French Family Cemetery (Site)
GPS Coordinates: 38.7773795, -77.1188394
Closest Address: 6412 May Boulevard, Alexandria, VA 22310

Here follows an excerpt from the Fairfax Genealogical Society website:
FRENCH FAMILY CEMETERY (REMOVED)
was located at the end of May Boulevard in the Rose Hill Park area south of Franconia Road (Rte 644)
South Alexandria, Virginia USA
Original Information from Volume 5 of the Gravestone Books
The French Family Cemetery was located at the end of May Boulevard in the Rose Hill Park area south of Franconia Road (Route 644). This was the home of Daniel French, “built on part of the George Mason Estate, of Gunston Hall, by Daniel French, who married Penelope Mason,” according to Mrs. Daingerfield Love in “Recollections of Rose Hill - FairfaxCounty, Virginia,” published in Historical Society of Fairfax County, Virginia, volume 6, 1958-59.
Daniel French was a Truro Parish Vestryman who, in 1769, signed the Articles of Agreement with the Vestry to build Pohick Church (q.v.) at its new site, according to the Handbook of Pohick Church. When he died before the church was completed, his friend and executor George Mason finished the work, Virginia Daingerfield reports in a 26 February 1937 Works Progress Administration of Virginia Historical Inventory about Rose Hill.

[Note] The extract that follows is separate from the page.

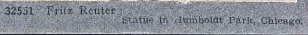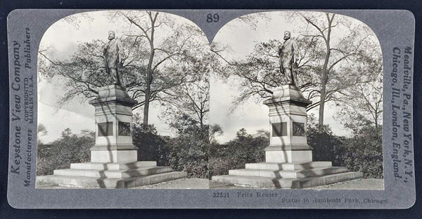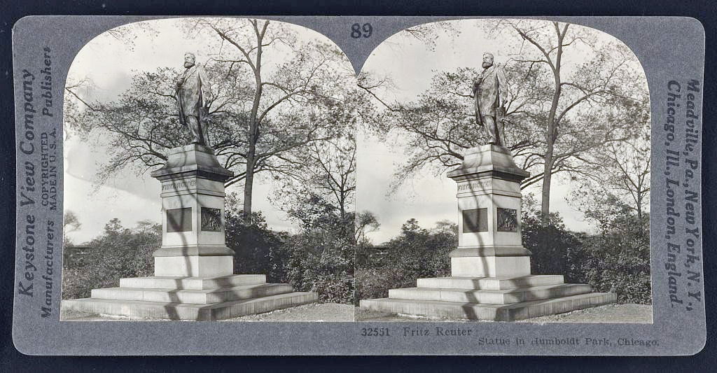 In’t „Pommersche Blatt“ von Juli 2012, Issue 73, fünn ik up dei Sieden 9/10 ’nen „Fritz Reuter Article“ von Gary Klingbeil. Hei harr ok ’n Grund, denn dei Pommersche Verein kreech von den Börger Richard Olsan ut Merrill - disse Stadt licht gaut 20 km von Wausau af — ein fien Medalljong, dat von dei plattdüütsche Gill ut Chicago stammt. Dor geef dat disse Gill twüschen 1884 un 1900 un von ehr stammt dit Schmuckstück mit den ingravierten Nåmen Fritz Reuter. Disse Ort Brosch is dörch rode Siedenbänner noch mit ’n Anhänger verbunnen un up dissen is wedder’n Bom tau seihn. Nu råden dei Lüd von'n Pommerschen Verein in Wausau, wat dei Bom mit Reuter tau daun hett, denn dei Reutersche Eikbom is in Wausau nich bekannt un sülfst dat Internet künn dei Lüd dor nich helpen. Bi all mien Niegelichkeit up disse plattdütsche Gill von vör 1900 fünn ik denn wat œwer ’n Reuter-Denkmål in’n Humboldt-Park von Chicago. Dei dütschstämmig Franz Engelsman (1859-1921) läwt as Künstler in Amerika un måkt in’n Updrach vonne düütschstämmig Börgers ’n 2,50 m grot Statue ut Bronze von Fritz Reuter. In’t Johr 1893, as in Chicago dei Weltutstellung wier, hett man den Bronze-Reuter up’n noch grötteren Marbelsockel in’n Humboldt-Park upstellt, un an’n 14. Mai keemen denn 50.000 utwannert Düütsche orrer Nåkåmen tauhop, üm bi dei Inwiehung dorbi tau sien. Dat Denkmål steiht ümmer noch an densülbigen Placken as dunnemåls, blot dei vier Bronze-Relief-Tafeln mit Biller tau Reuter sien Wark an’n Sockel würn inne 30er Johren klaut. Dei vier Löcker sünd hüt noch gaut tau seihn, denn niege Relief-Biller würn nich insett.

Originally Rose Hill was on high ground and “from the front lawn there was a magnificent view of the valley, in the direction of the Potomac River, which was seven miles away,” writes Mrs. Love. She goes on to describe the beautiful house with its fine woodwork and lovely garden. “The edge of the lawn was lined with lilac bushes and a variety of trees, among them were locust, horse chestnut, maple, cedar, pine and black walnut.” Today the old house is gone, but the many old trees standing in the neighborhood of contemporary homes gave the 1998 surveyor a glimpse into the grandeur of the past.
When Daniel French died in 1771, he was buried at Rose Hill. Mrs. Love remembers:
On the lawn where Daniel French was buried, a flat stone, a small weeping willow and an althea bush created a wonderfully mysterious place for us children to play. Often when mother went to town, we would “borrow” grandma’s crepe veil and play funeral. I have shed more tears over Daniel French and made more little bunches of flowers for him than any other person I have ever known.

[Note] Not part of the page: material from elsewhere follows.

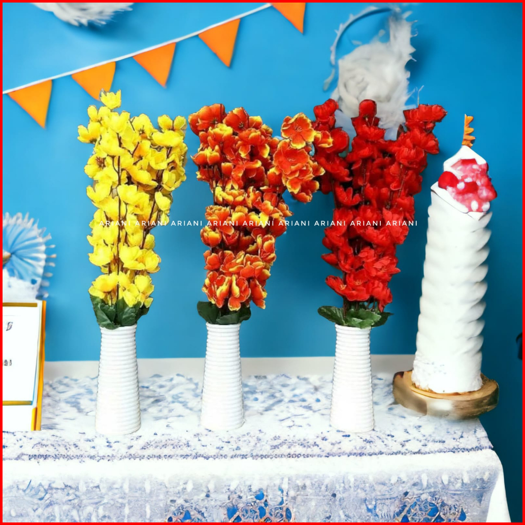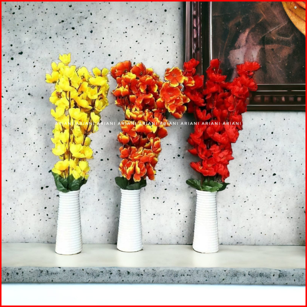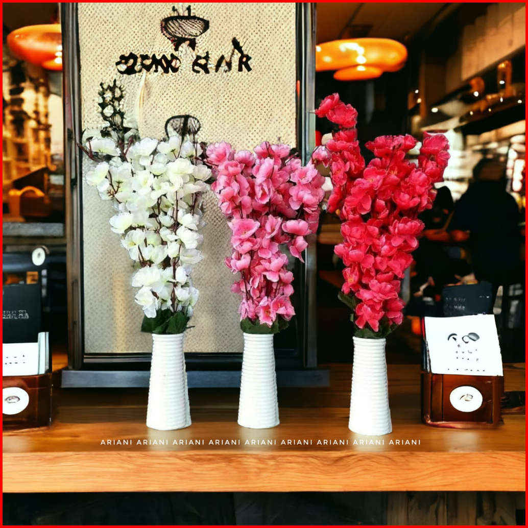 Set Bunga Plastik Cherry Blossom Dengan Pot Melamin Putih Ulir

In 1954, Robert L. May, who owned Rose Hill at that time, was preparing to sell the property. He granted French family descendants permission to move Daniel French’s gravestone to Pohick Church where it now lies behind the chapel, according to Mrs. Love and information on file in the Virginia Room of the Fairfax City Regional Library. Daniel French’s huge sandstone gravestone measures about three feet by seven feet and bears a long inscription which is included in the survey of Pohick Churchyard (see index).